Molecular imaging is a disease-specific targeting modality that promises much more accurate diagnoses of serious diseases such as cancer and infections. Agents are being continually developed with a view to clinical translation, with several such therapies requiring measurement of very small doses. Currently, there is no way of accurately measuring small amounts of radioactivity used in many pre-clinical tracer studies, as on-the-market commercial dose calibrators measure at too high a dose range, typically at 10-1000 µCi and higher. Using such commercial calibrators to estimate micro-doses (0.01-10 µCi) results in unavoidable and up to ± 20% measurement errors. Alternatively, well-counters that can measure small doses are not suited for measurements of doses greater than 1 µCi, resulting in a coverage gap (1-10 µCi), a critical range for bio-distribution studies, cell binding studies, immune cell labeling techniques, and α-based therapies.

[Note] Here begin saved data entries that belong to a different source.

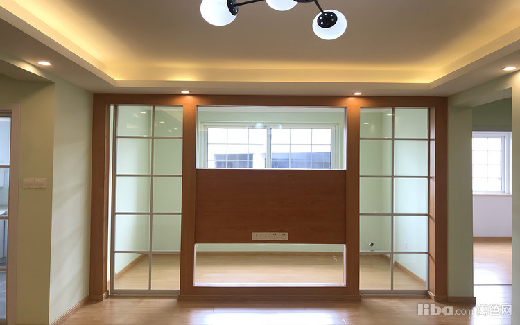 设计师很擅长空间分割,通过电视背景造型及两侧的移门,分割出一个视野很好的书房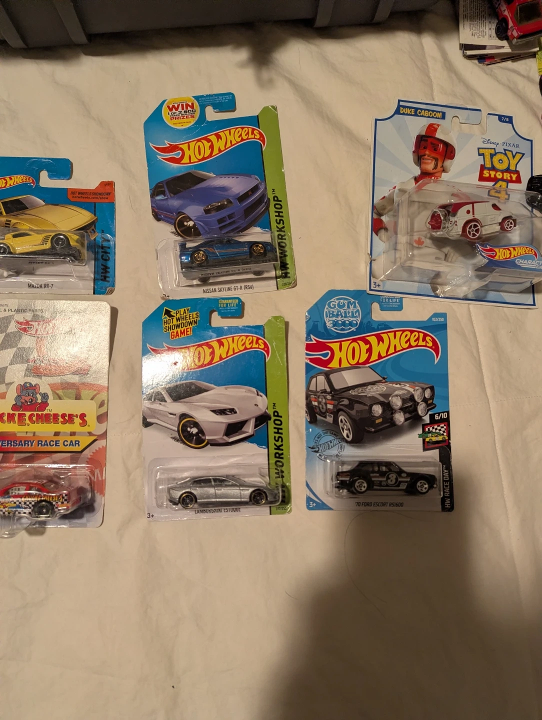 This is a lot of 5 Hot Wheels die-cast cars. These collectible cars are great for display or play. They're made of die-cast metal and plastic parts. Perfect for collectors and kids alike! Also some very sought after cars IE ( Toyota Supra F&F) ...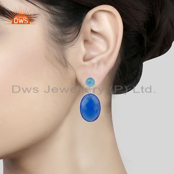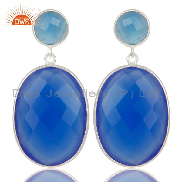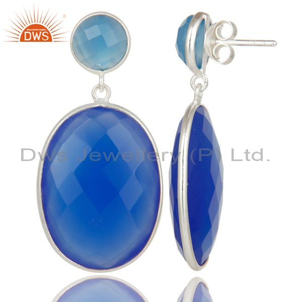 Solid 925 Sterling Silver Faceted Blue Chalcedony Bezel Set Drops Earrings
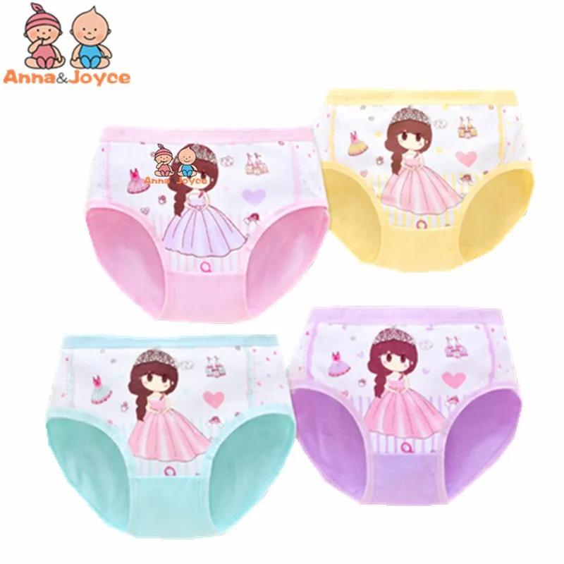 4 шт.лот хлопковые Мультяшные трусики, детское нижнее белье, трусики для девочек с цветочным рисунком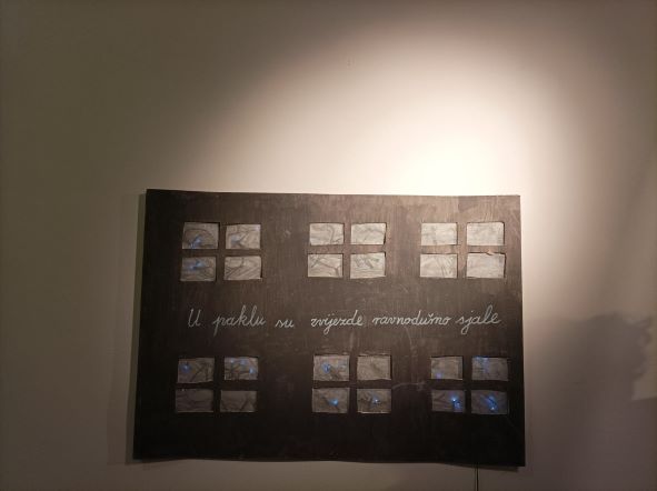 crno-bijeloj boji u kombiniranoj tehnici tempere, kolaža i assemblagea te svjetlosnu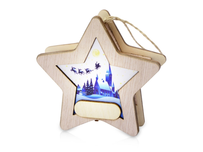 Комплектность: мед с миндалем 250 г, мед с кешью 250 г, подвеска звезда с подсветкой 10,5 х 10,1 х 2,9 см, подвеска елка 6 х 6 х 8 см.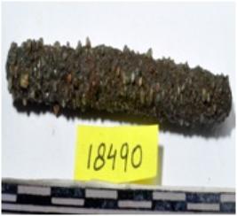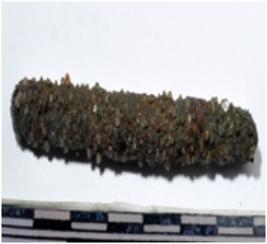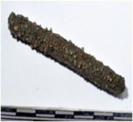 | Description / विवरण | A fragment of a copper rod, broken both end, circular in section of rough surface. |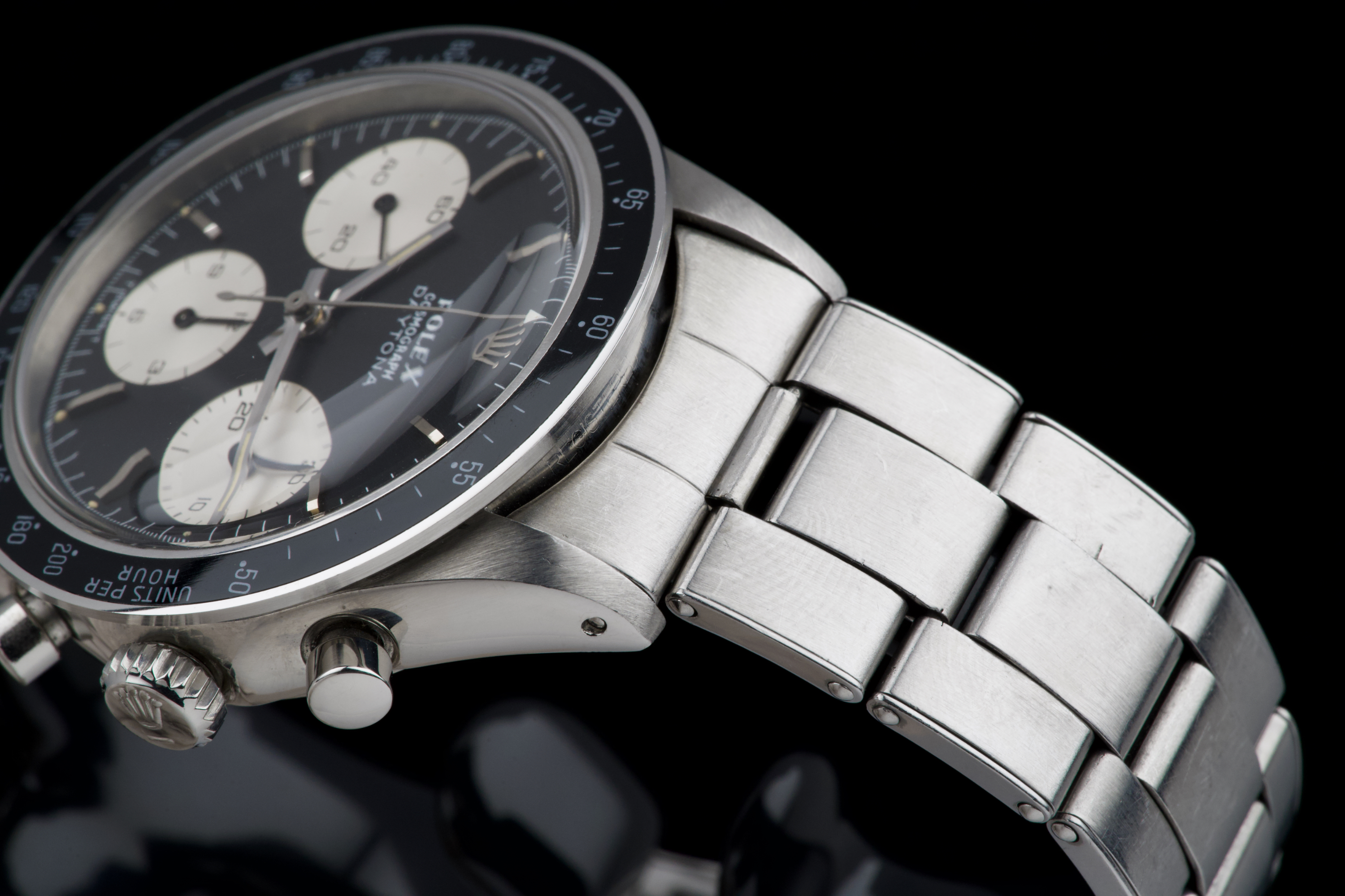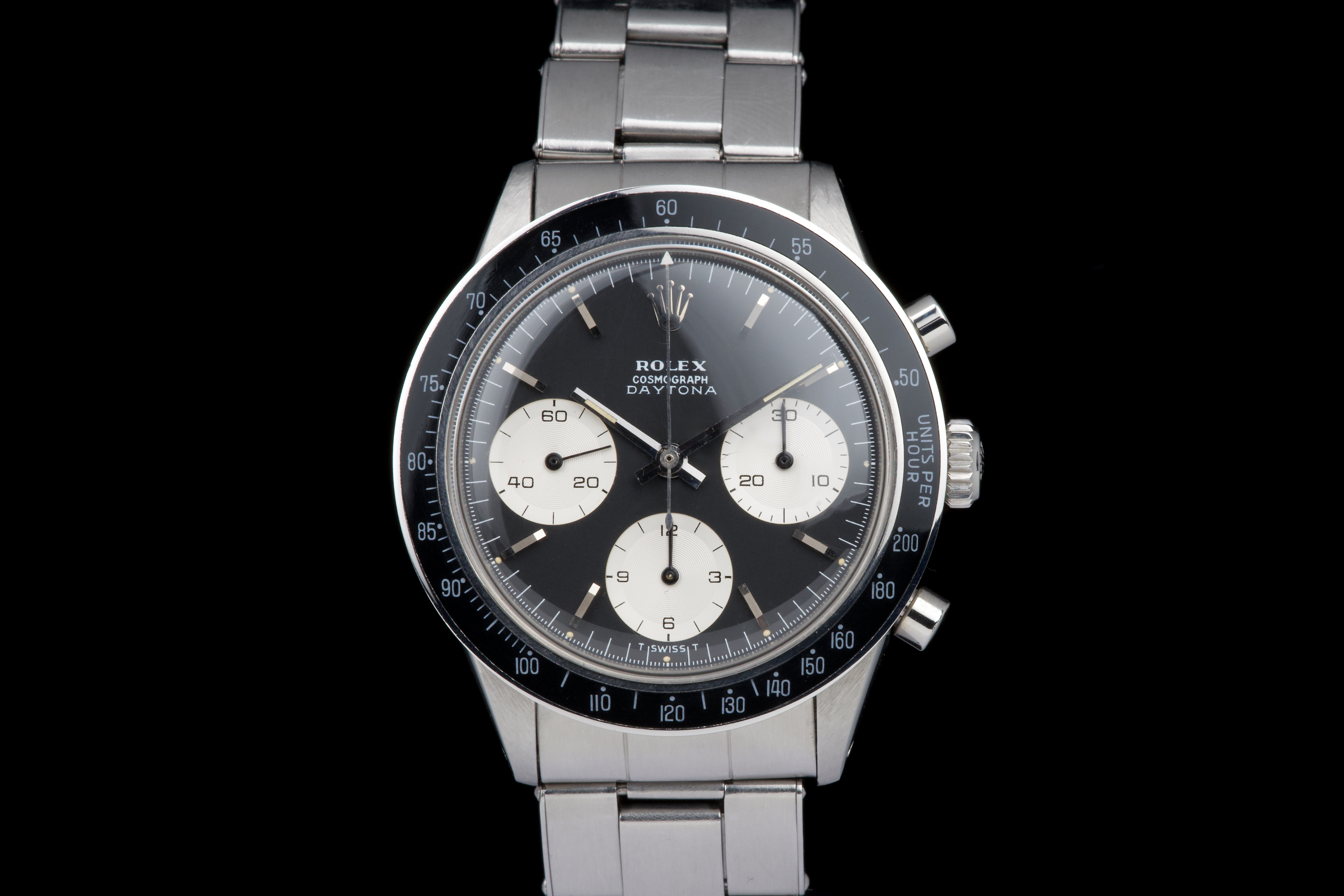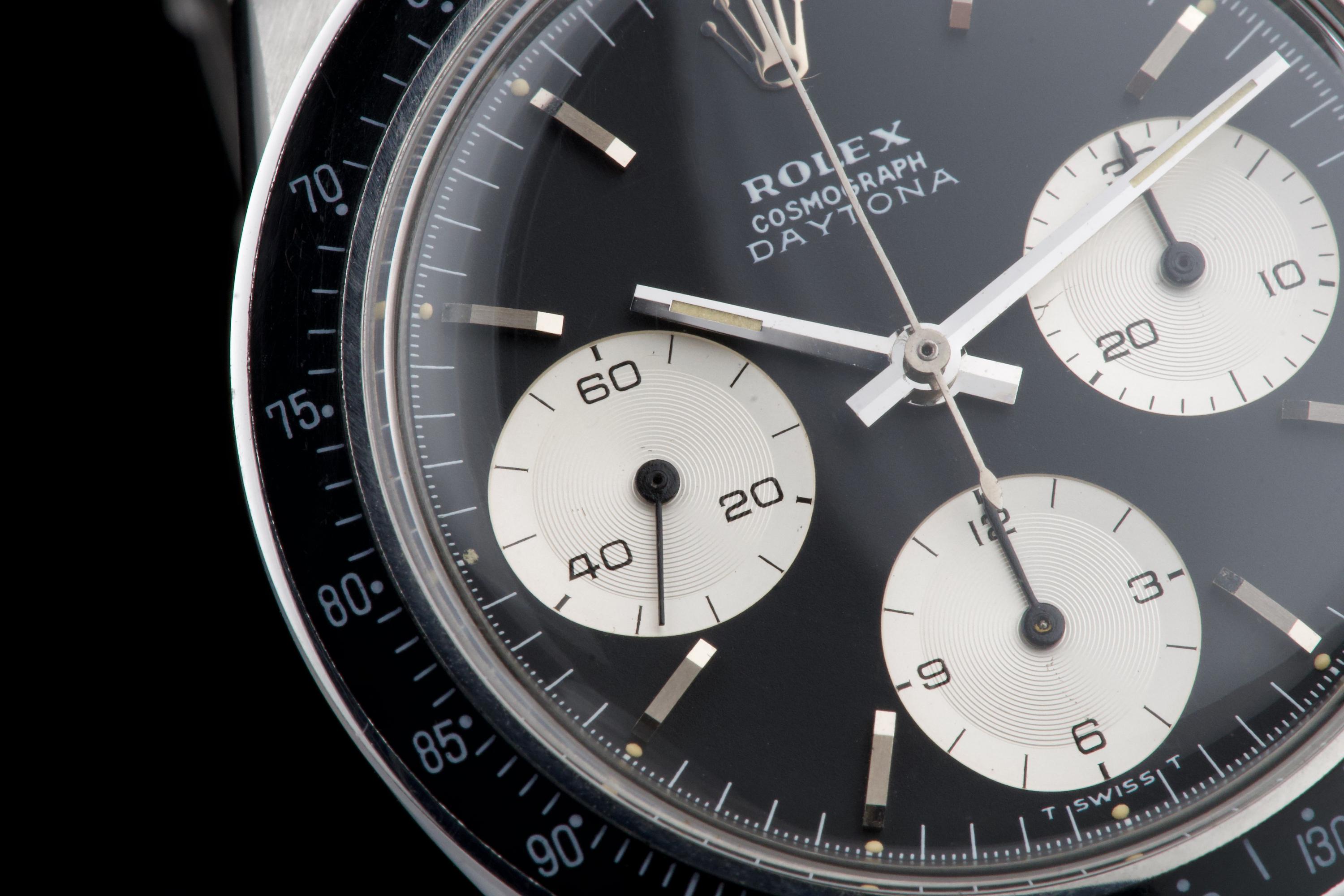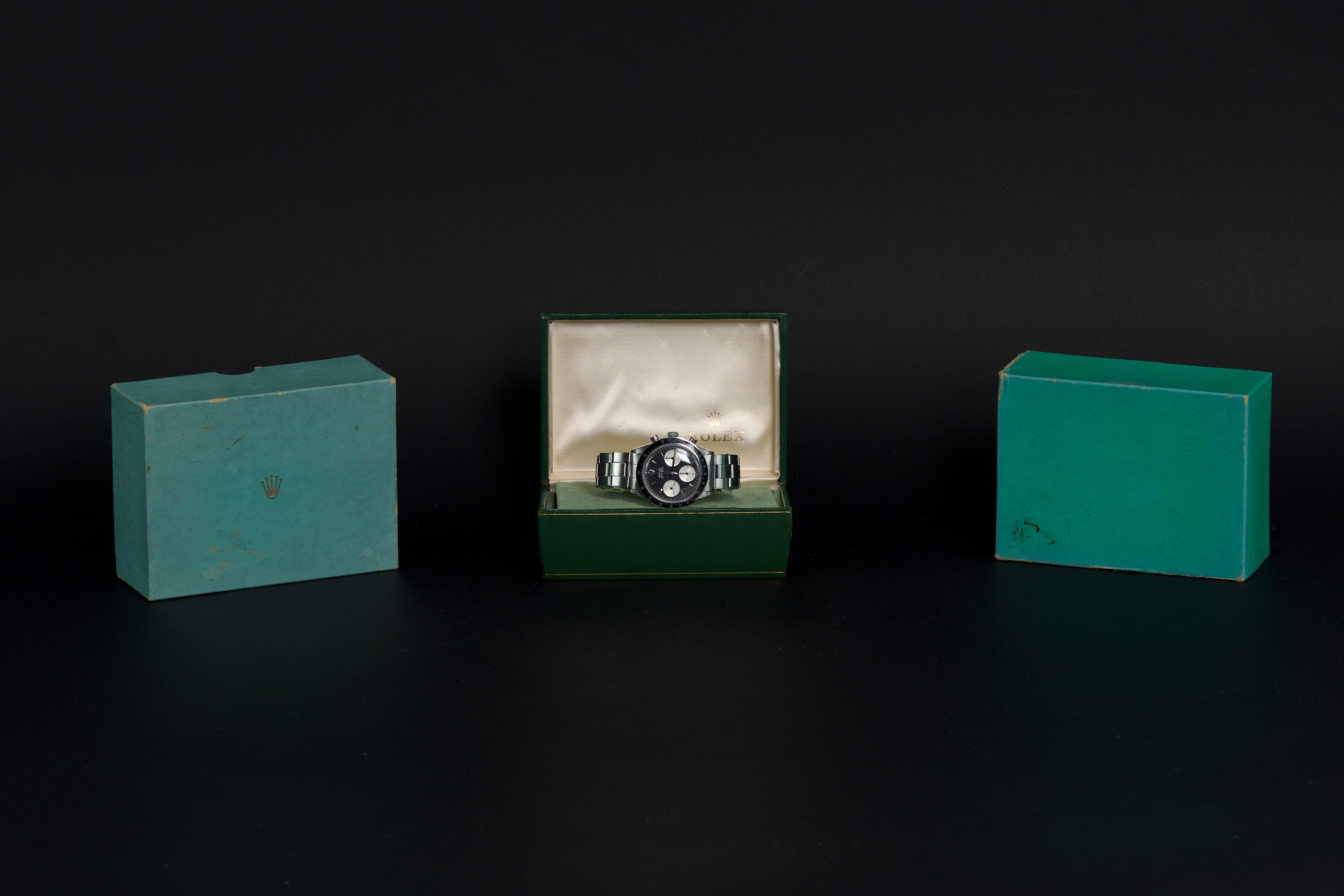 An exceptionally well-preserved and extremely rare example of the Rolex Cosmograph Daytona reference 6241, produced in 1968 and fitted with the coveted black “Big Logo” dial. The dial is in remarkable condition, with only a microscopic mark inside the 3 o’clock subdial, visible under magnification but not to the naked eye. The luminous plots at 3 and 9 o’clock are partially missing — a common and reassuring trait for untouched Daytona dials of this era, confirming that the lume has never been redone. The hands are perfectly matching and in superb condition; under UV light, all luminous material (dial and hands) glows briefly and fades uniformly, exactly as correct vintage tritium should. The original Mark 1 bakelite bezel is outstanding — free of cracks, chips, or notable wear, which is extraordinarily rare for a 1960s Daytona. The stainless-steel case is in extraordinary condition, appearing unpolished; if it was ever polished, it was done with extreme restraint. The serial and reference numbers between the lugs are deep, crisp, and perfectly legible, confirming a beautifully preserved case. The caseback is correctly stamped 6241 and displays two Rolex Geneva service engravings, a very positive sign of proper historical maintenance. Inside, the Valjoux-based Rolex caliber 722 is clean, functioning perfectly, and has been checked by our watchmaker. The watch is fitted with a riveted 7205 bracelet with 60 endlinks, showing very minimal stretch for its age. The clasp is stamped 1.67, consistent with the period. We handle many vintage Daytonas, but this example stands out dramatically. Its combination of pump pushers, black non–Paul Newman Big Logo dial, and mint MK1 bakelite bezel makes it one of the most elegant and desirable vintage chronographs ever produced — a reference 6241 in truly remarkable collector condition.

To solve the problem of measuring a wider range of radioactivity doses, and without the need of a volumetric correction, the NCI Molecular Imaging Program invented a device (see images below) that can accurately measure radioactivity doses between 0.1-100 µCi, with 1% error. The device is a working prototype and requires collaboration to manufacture it. NCI seeks parties to commercialize this technology through collaborative co-development or licensing.
Video abstract: New and improved micro dose-calibrator designed to accurately measure radioactive doses in the range of 50 nCi to 100 µCi with 99% precision, useful in radio-ligand bio-distribution studies, cell binding studies, immune cell labeling techniques, and α-based therapies.